YOUR TASK:
Would you return exactly the lines below from the line with "S sredo, 20." through the line with "This spacious and", both included, and nothing else, leaving out the pictures?

(Saved data entries)
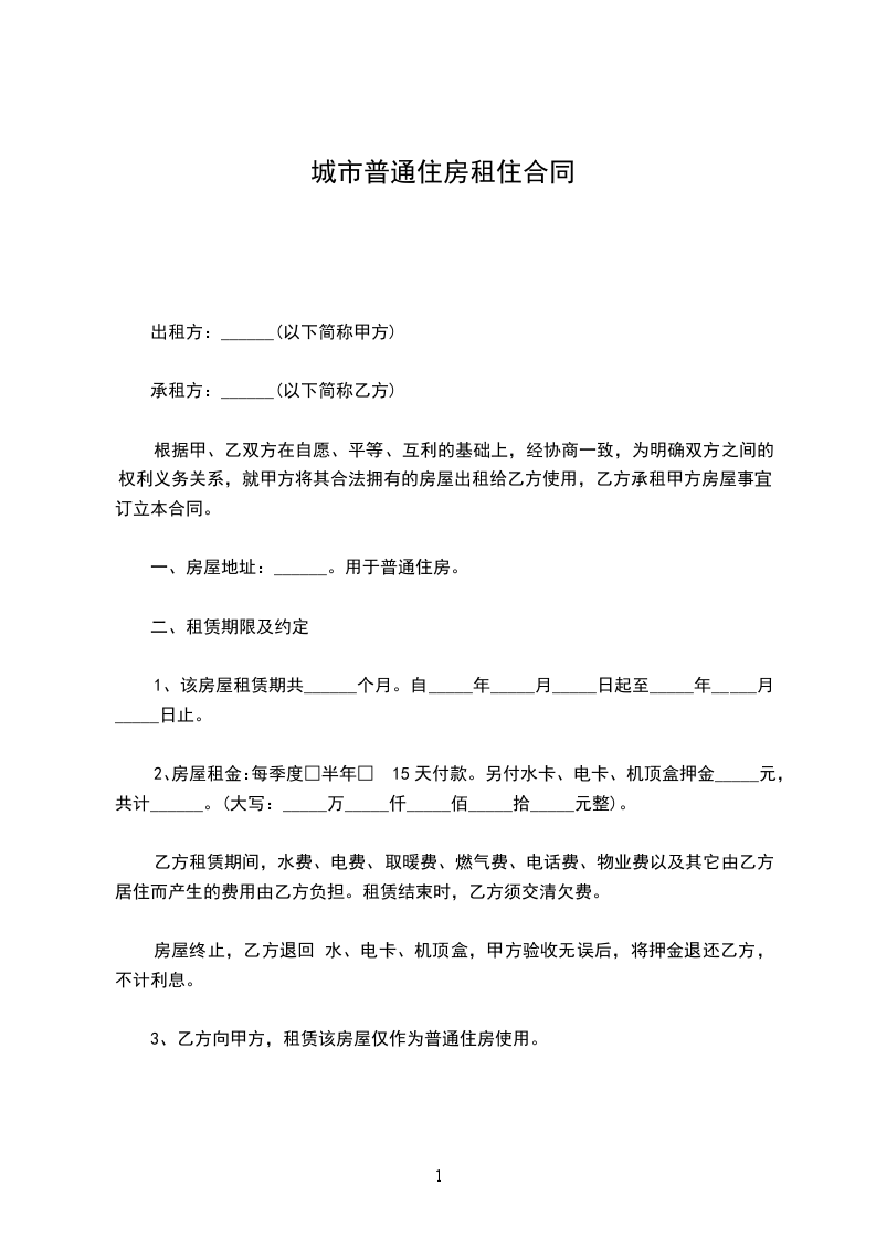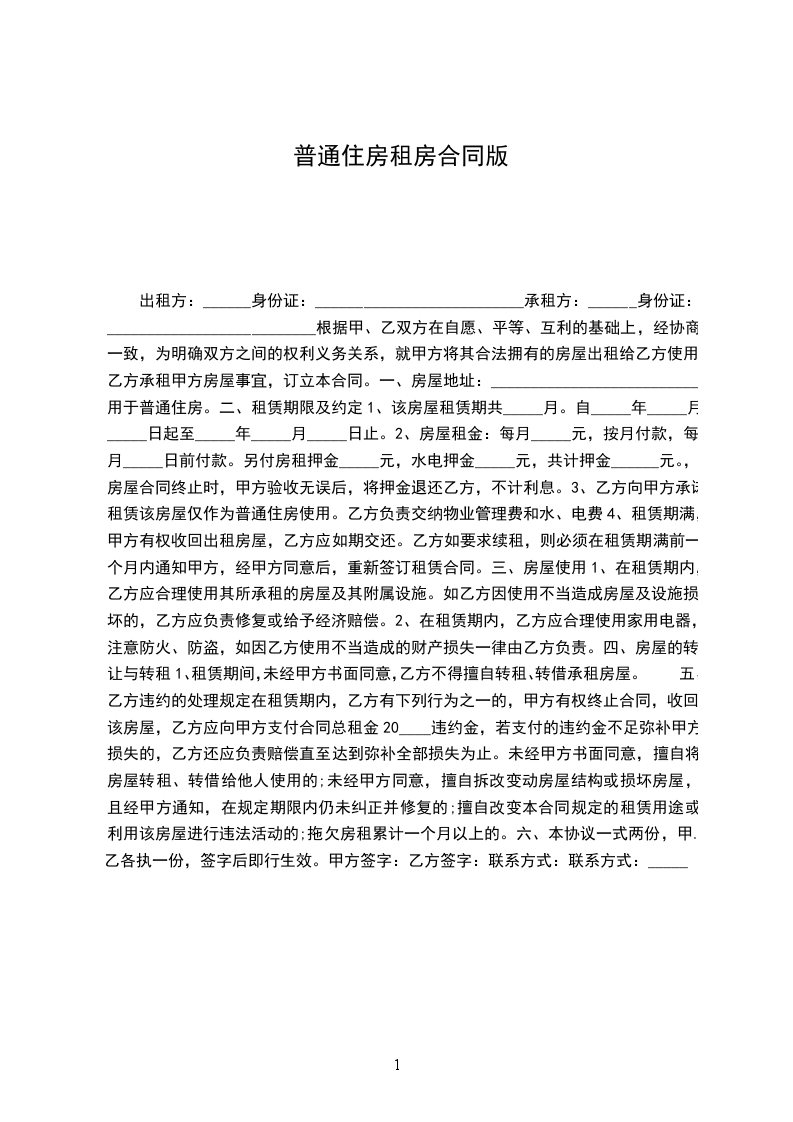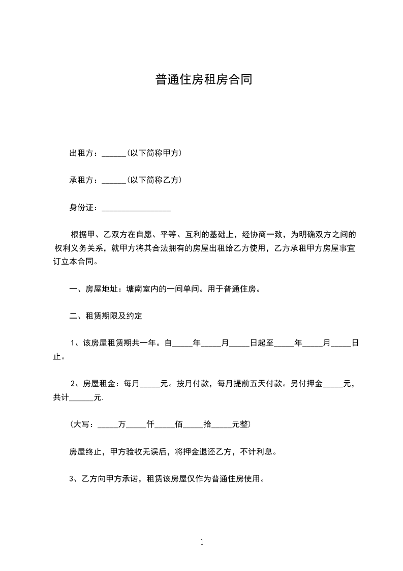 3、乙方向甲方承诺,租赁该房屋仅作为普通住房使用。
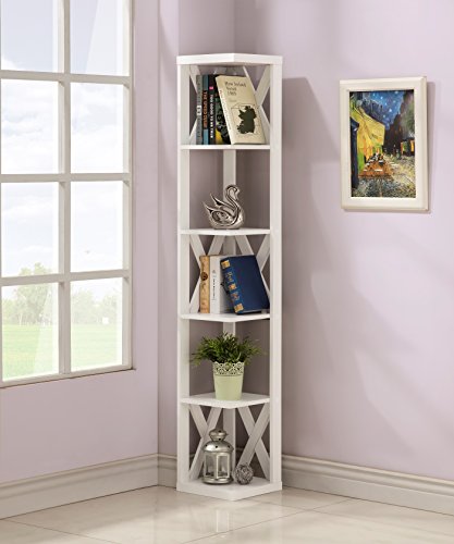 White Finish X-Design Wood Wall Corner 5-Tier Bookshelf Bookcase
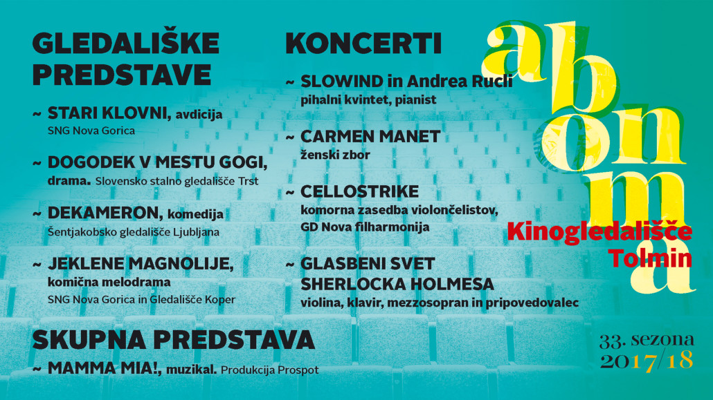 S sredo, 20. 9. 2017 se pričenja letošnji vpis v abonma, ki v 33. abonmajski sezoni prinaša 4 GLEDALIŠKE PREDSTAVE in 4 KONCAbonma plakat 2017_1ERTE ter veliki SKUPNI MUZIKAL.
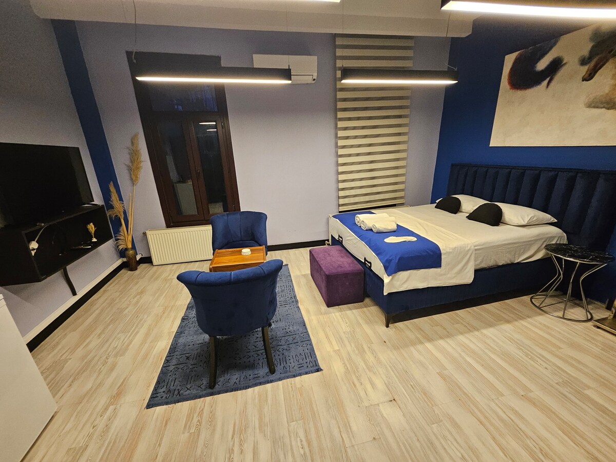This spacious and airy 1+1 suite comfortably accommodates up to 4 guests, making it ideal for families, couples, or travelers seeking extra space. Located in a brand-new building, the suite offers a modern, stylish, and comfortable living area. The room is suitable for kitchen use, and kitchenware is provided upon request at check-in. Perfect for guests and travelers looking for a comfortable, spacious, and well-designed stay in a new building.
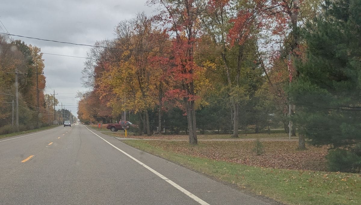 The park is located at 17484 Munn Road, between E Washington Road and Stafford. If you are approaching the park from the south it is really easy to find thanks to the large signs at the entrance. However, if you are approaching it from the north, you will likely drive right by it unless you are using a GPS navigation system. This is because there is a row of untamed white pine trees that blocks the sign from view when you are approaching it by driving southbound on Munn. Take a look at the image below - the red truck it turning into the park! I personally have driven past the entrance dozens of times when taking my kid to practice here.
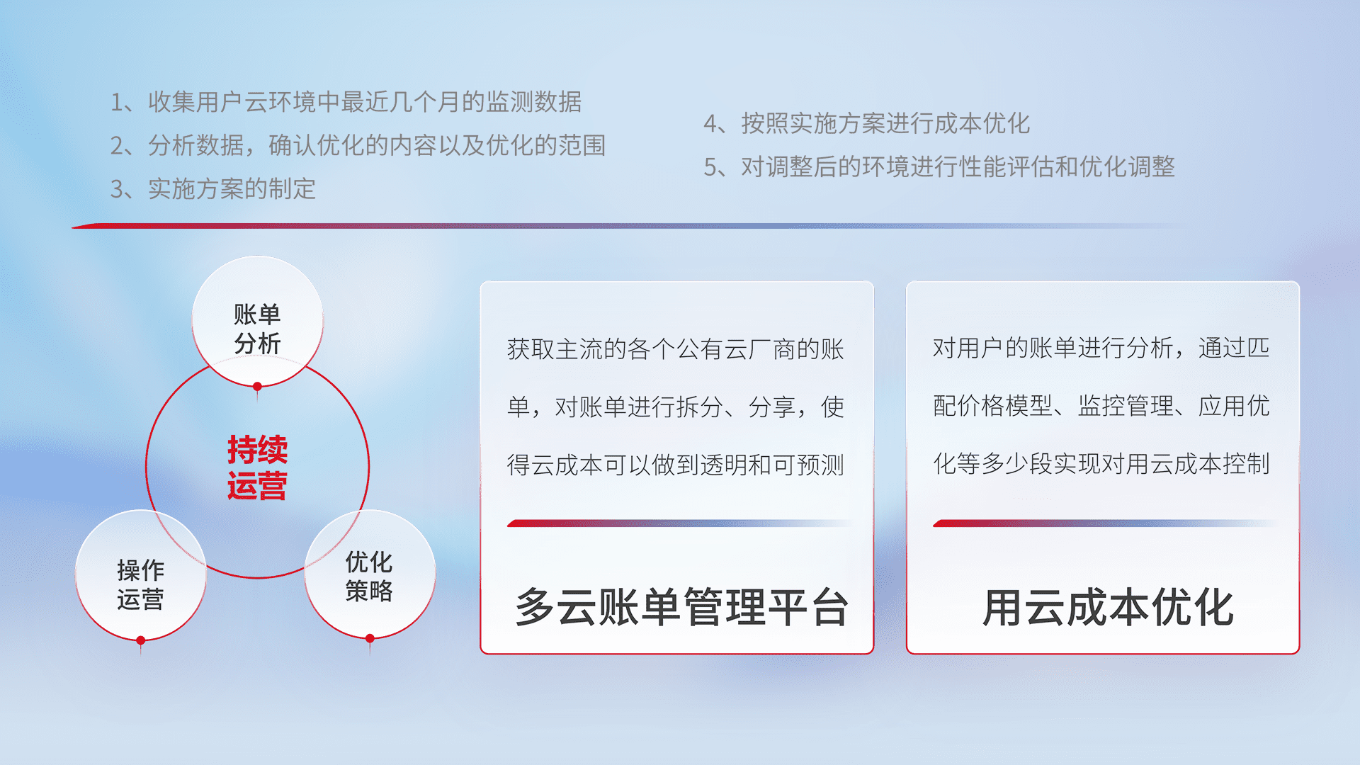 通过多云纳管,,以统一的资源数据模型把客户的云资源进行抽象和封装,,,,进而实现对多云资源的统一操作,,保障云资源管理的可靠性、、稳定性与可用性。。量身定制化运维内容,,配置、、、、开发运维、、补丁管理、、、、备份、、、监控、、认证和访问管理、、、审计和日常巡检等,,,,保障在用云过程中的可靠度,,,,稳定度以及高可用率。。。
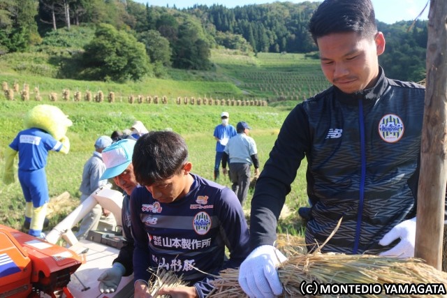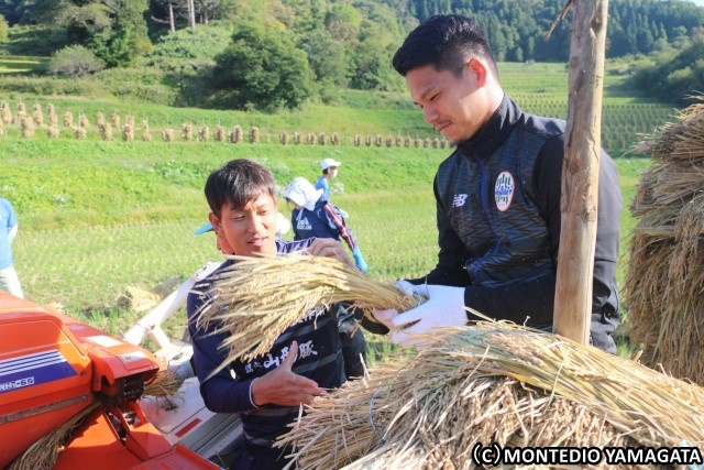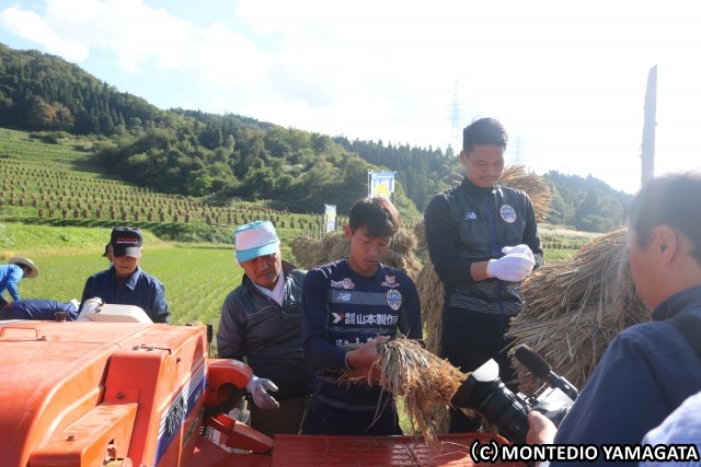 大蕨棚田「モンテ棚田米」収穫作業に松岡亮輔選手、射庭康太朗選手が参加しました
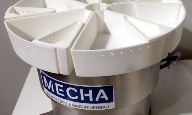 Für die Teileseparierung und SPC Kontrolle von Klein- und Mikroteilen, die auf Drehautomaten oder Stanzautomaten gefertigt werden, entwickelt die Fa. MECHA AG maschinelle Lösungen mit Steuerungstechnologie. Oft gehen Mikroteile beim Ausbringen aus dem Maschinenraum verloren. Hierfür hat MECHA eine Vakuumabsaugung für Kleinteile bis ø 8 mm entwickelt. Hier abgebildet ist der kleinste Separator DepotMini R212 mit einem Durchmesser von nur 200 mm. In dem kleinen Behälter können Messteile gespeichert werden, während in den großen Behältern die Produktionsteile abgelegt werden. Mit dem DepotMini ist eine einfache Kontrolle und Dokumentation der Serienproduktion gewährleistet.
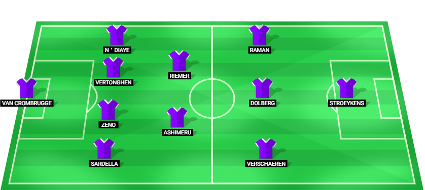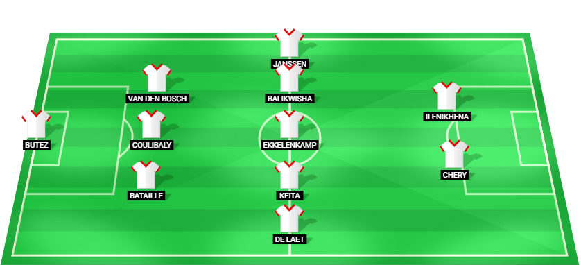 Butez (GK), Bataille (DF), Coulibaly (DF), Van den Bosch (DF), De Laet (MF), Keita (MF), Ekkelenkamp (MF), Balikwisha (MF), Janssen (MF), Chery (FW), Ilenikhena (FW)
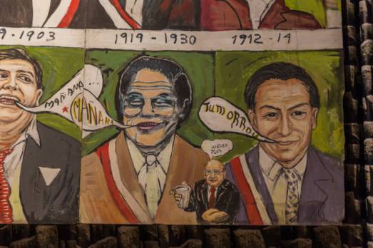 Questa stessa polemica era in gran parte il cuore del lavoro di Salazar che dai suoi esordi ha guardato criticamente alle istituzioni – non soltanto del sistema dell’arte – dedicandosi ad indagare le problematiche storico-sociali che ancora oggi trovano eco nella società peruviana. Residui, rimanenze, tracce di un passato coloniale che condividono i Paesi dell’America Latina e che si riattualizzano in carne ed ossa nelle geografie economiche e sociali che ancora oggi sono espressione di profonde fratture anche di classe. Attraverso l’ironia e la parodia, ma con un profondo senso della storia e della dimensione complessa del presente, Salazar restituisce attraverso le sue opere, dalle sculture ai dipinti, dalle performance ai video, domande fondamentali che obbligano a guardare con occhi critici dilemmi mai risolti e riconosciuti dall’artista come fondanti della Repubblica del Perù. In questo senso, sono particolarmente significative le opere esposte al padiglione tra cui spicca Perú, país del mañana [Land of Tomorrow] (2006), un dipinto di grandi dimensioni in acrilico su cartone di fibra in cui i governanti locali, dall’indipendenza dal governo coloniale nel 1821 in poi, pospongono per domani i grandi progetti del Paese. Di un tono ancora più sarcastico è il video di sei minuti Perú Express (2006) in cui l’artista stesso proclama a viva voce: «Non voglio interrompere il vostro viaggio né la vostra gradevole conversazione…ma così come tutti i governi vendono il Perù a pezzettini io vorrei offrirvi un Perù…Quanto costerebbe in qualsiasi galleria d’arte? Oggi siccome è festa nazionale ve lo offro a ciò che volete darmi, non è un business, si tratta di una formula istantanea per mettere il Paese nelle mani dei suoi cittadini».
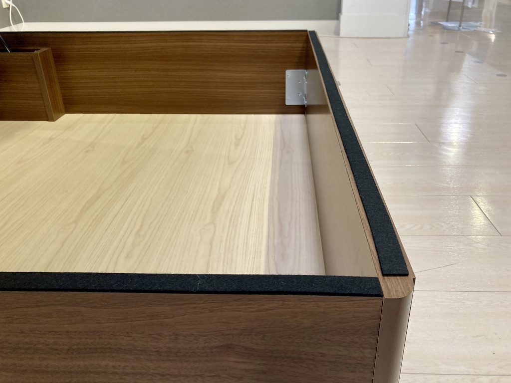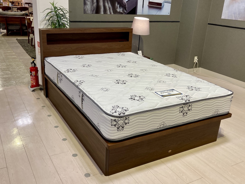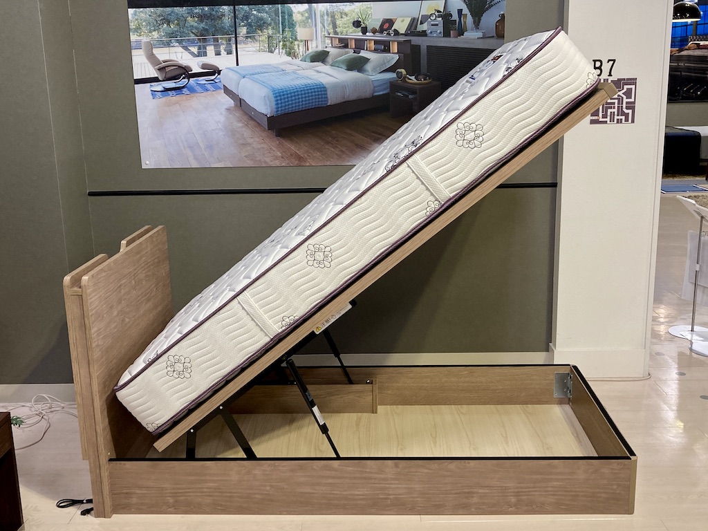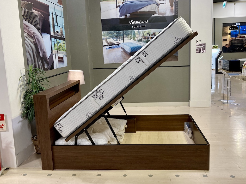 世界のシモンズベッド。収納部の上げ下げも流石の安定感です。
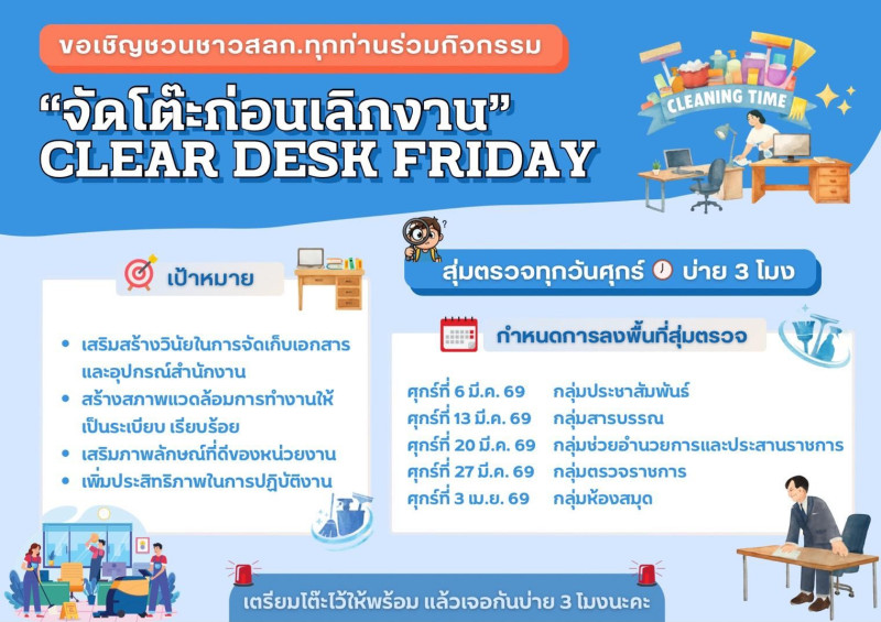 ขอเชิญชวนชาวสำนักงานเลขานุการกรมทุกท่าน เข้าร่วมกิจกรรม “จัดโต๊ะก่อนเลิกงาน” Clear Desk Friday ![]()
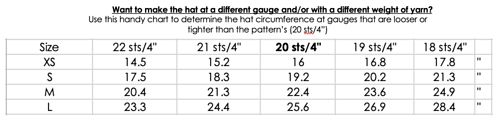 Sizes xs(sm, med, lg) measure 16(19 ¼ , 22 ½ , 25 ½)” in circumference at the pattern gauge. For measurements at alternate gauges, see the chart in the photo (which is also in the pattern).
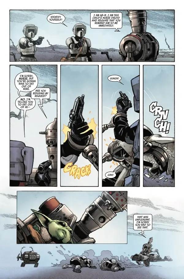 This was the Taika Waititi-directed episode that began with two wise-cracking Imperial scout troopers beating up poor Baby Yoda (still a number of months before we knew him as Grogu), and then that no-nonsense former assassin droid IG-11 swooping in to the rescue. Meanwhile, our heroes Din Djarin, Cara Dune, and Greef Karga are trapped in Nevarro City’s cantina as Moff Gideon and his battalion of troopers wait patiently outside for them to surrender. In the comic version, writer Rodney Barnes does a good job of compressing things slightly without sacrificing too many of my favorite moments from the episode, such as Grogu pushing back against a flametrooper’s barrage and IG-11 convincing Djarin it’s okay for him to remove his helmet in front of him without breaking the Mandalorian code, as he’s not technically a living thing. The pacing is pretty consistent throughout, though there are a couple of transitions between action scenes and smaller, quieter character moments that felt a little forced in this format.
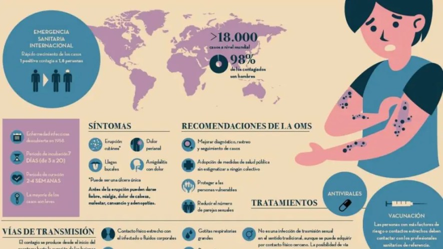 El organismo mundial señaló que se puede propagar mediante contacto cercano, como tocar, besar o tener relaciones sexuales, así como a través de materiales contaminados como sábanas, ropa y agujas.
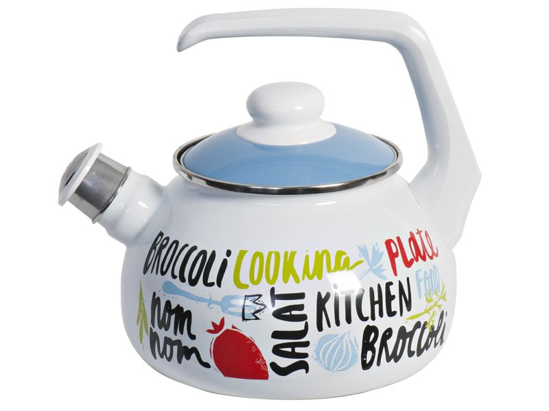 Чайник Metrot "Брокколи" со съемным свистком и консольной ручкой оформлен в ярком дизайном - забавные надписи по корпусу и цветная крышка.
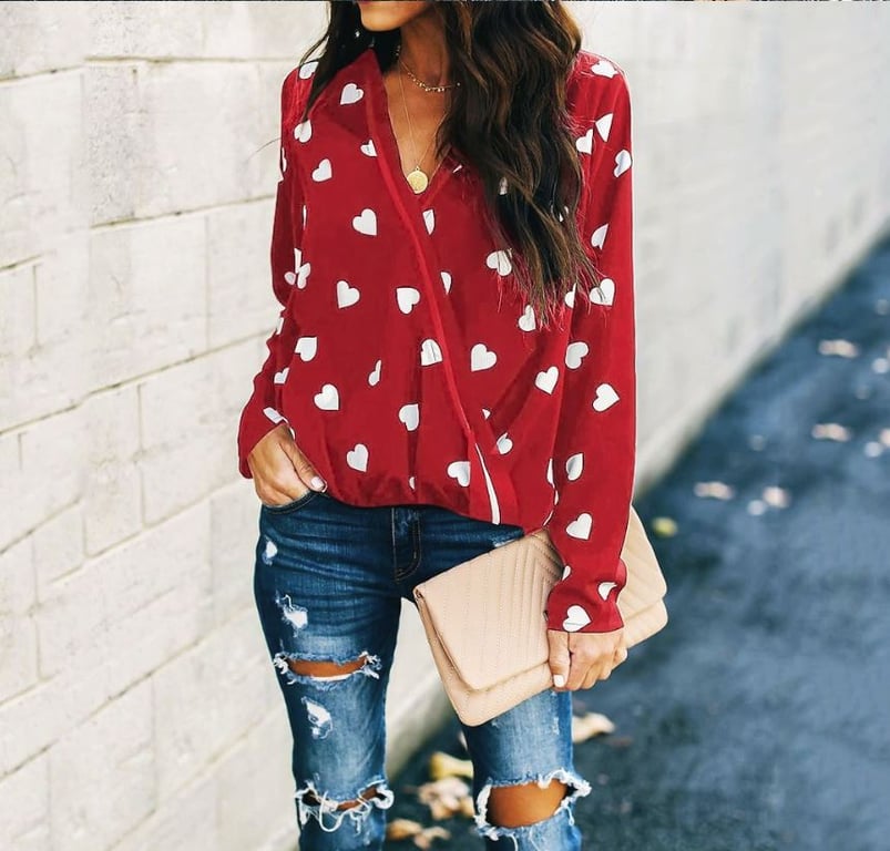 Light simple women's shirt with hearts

SOLUTION FOR THIS TASK:
 S sredo, 20. 9. 2017 se pričenja letošnji vpis v abonma, ki v 33. abonmajski sezoni prinaša 4 GLEDALIŠKE PREDSTAVE in 4 KONCAbonma plakat 2017_1ERTE ter veliki SKUPNI MUZIKAL.
This spacious and airy 1+1 suite comfortably accommodates up to 4 guests, making it ideal for families, couples, or travelers seeking extra space. Located in a brand-new building, the suite offers a modern, stylish, and comfortable living area. The room is suitable for kitchen use, and kitchenware is provided upon request at check-in. Perfect for guests and travelers looking for a comfortable, spacious, and well-designed stay in a new building.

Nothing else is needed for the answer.